Voice-over: Did not want to do 15-2 question is also a cost of a struggle, it seems that "introduction to the algorithm" in the question is not a vain

　　Neat printing problem: Consider the problem of printing a piece of paper neatly on a printer. The body of the input is a sequence of n lengths of words consisting of L1, L2 、......、 Ln (measured in number of characters). We want this paragraph to be printed neatly on some lines, with a maximum of M characters per line. The standard of "cleanliness" is as follows: If a row contains a word from I to J (I<j), and only one space is left between the words, the number of extra space characters at the end of the line is M-(j-i)-(Li + ... + Lj), which must be non-negative to allow the row to accommodate the words. We want all rows (except the last row) to be at the end of the number of extra space characters in the cube and the smallest. Please give a dynamic programming algorithm to print an article of n words neatly in the printer.
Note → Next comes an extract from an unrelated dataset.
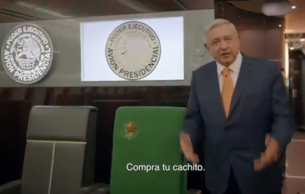 'Compra tu cachito (boleto), hagamos historia', remata AMLO sonriente, mientras levanta la mano derecha con el pulgar alzado.

Analyze the execution time and space requirements of the given algorithm.

On the Internet very carefully read a few about this neat print blog, found that really is wrong ! Very deceptive! I will not open the portal, although the idea will be some inspiration but less an accurate version to solve the problem.
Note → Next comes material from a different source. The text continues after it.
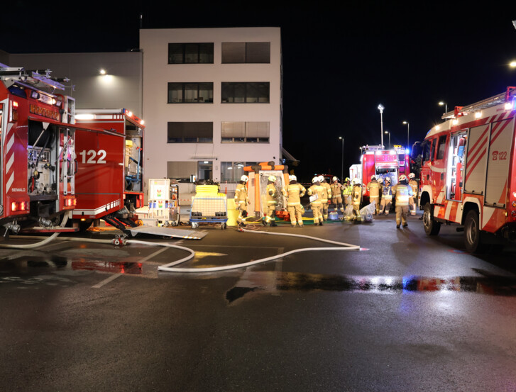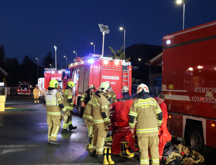 Die Feuerwehr Puch übernahm die Erstmaßnahmen nach der sogenannten GAMS-Regel (Gefahr erkennen – Absperren – Menschenrettung – Spezialkräfte nachfordern). Nach der Erkundung der Lage wurde der Gefahrenbereich großzügig abgesperrt, die Erstversorgung der betroffenen Mitarbeiter eingeleitet und zwei verletzte Personen aus dem Gefahrenbereich gerettet.

The core idea of this problem is still dynamic programming, and the key of dynamic programming is to find the optimal substructure of the whole solution process.

We declare an array to store the dynamic optimal solution as the word length increases op[] (in the following code to solve the problem using vector dynamic allocation in order to achieve a random length), in the process of dynamic programming, the Nth-class optimal substructure We need to calculate is 1) n-1 to level 1 of the optimal solution 2) The cost of a continuous string of I-to-j words under limit length (weight).

　　The formula is expressed as Op[n]=min{op[k-1]+cost (K,n) ...}////k the value of the loop traversal K from N to 1, the entire calculation process is the process of State transfer

/* When K==n, indicates that the most optimized structure of the preceding n-1 words does not need to be aligned, add directly to the new line */

　　In order to minimize the time complexity of the algorithm, we can make K traverse from N to small, so that we can detect the current time from K to n words is more expensive than the limit of a line to jump out of the loop.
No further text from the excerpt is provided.